Output the whole listing exactly, except for the pictures in it.

◆ **PROVIDED MATERIAL**:
##############################
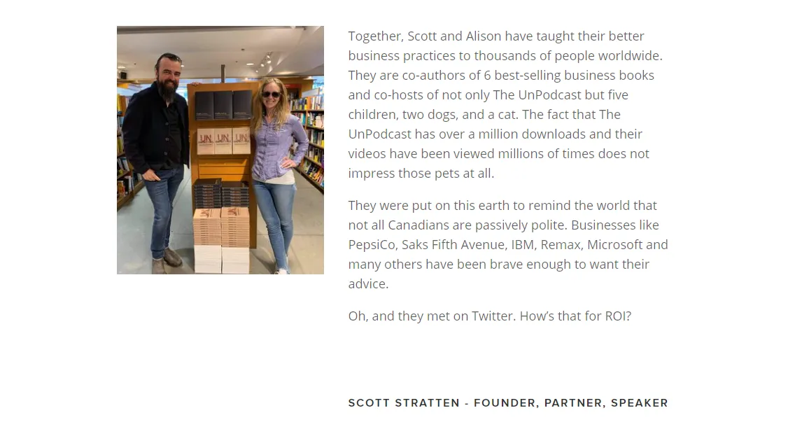 Scott は動画について 1 つか 2 つのことを教えてくれます。それが素晴らしいアドバイスであることがわかるでしょう。 Stratten は妻と 6 冊の本を共著している異端児であり、Un-Marketing を決してやめないと誓っています。
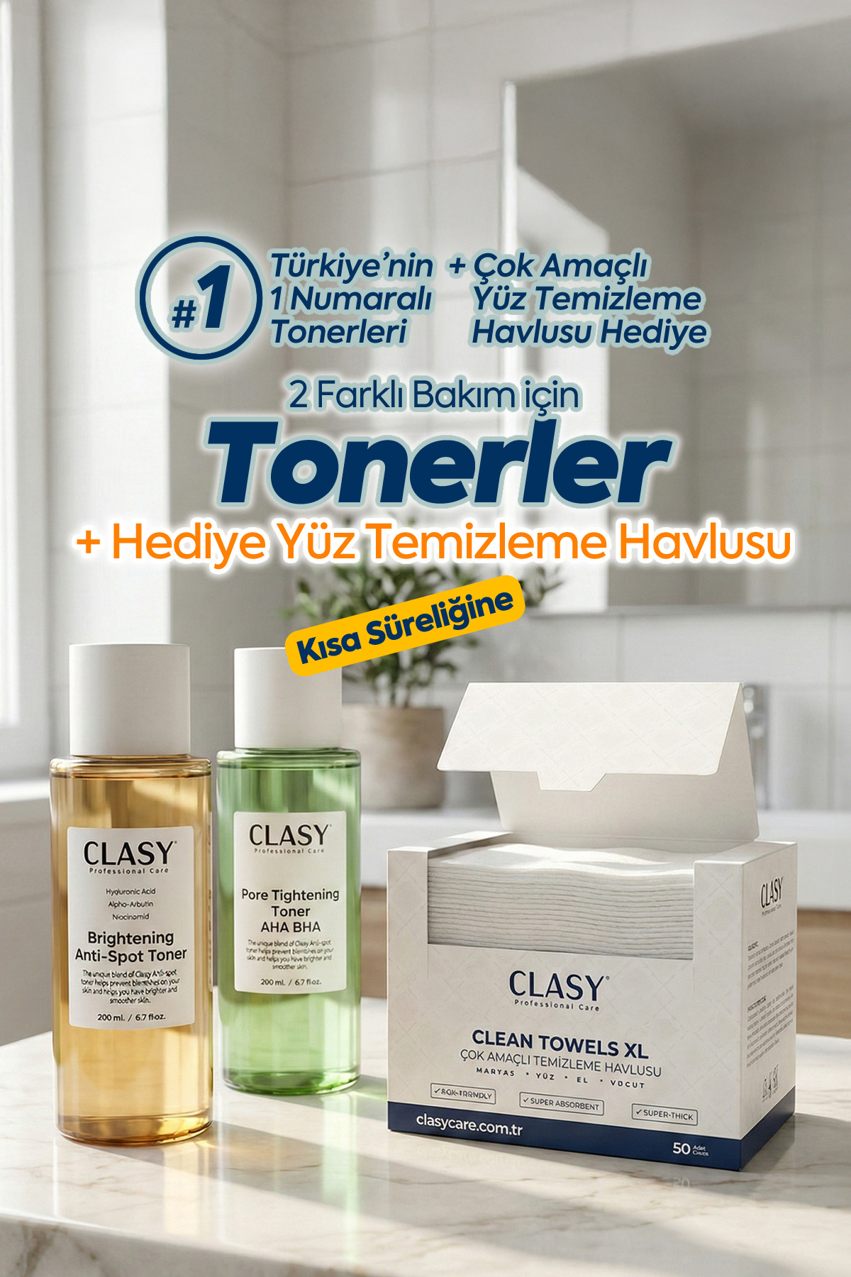 Clasy Care Aydınlatıcı Leke Karşıtı ve Gözenek Karşıtı Toner Bir Arada 200+200 M ürününü en uygun fiyata kozmetikara.com sitemizden sipariş verebilirsiniz.
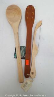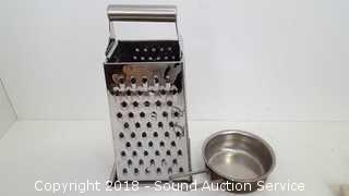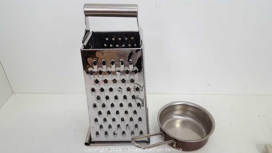 Comes with various kitchen gadgets. Includes: Cheese grater, collander, mixing bowls, oven mits, wooden utensils, boiling pots, skillets. Condition of items sold - The auctioneer shall not be responsible for the correct description, authenticity, genuineness of, estimated selling price of, or defect in any lot, and makes no warranty in connection therewith. No allowance will be made or sale set aside on account of any incorrectness, error in cataloging, or any imperfection not noted. No deduction will be allowed on damaged articles as all goods being exposed for public exhibition are sold “as is” and without recourse. All measurements and sizes - are approximate. Claims - No claims will be allowed after goods are removed from premises. All lots - to be sold AS IS, WHERE IS. ALL SALES FINAL, WE DO NOT ACCEPT RETURNS.
##############################
◆ **SOLUTION**:
 Scott は動画について 1 つか 2 つのことを教えてくれます。それが素晴らしいアドバイスであることがわかるでしょう。 Stratten は妻と 6 冊の本を共著している異端児であり、Un-Marketing を決してやめないと誓っています。
 Clasy Care Aydınlatıcı Leke Karşıtı ve Gözenek Karşıtı Toner Bir Arada 200+200 M ürününü en uygun fiyata kozmetikara.com sitemizden sipariş verebilirsiniz.
 Comes with various kitchen gadgets. Includes: Cheese grater, collander, mixing bowls, oven mits, wooden utensils, boiling pots, skillets. Condition of items sold - The auctioneer shall not be responsible for the correct description, authenticity, genuineness of, estimated selling price of, or defect in any lot, and makes no warranty in connection therewith. No allowance will be made or sale set aside on account of any incorrectness, error in cataloging, or any imperfection not noted. No deduction will be allowed on damaged articles as all goods being exposed for public exhibition are sold “as is” and without recourse. All measurements and sizes - are approximate. Claims - No claims will be allowed after goods are removed from premises. All lots - to be sold AS IS, WHERE IS. ALL SALES FINAL, WE DO NOT ACCEPT RETURNS.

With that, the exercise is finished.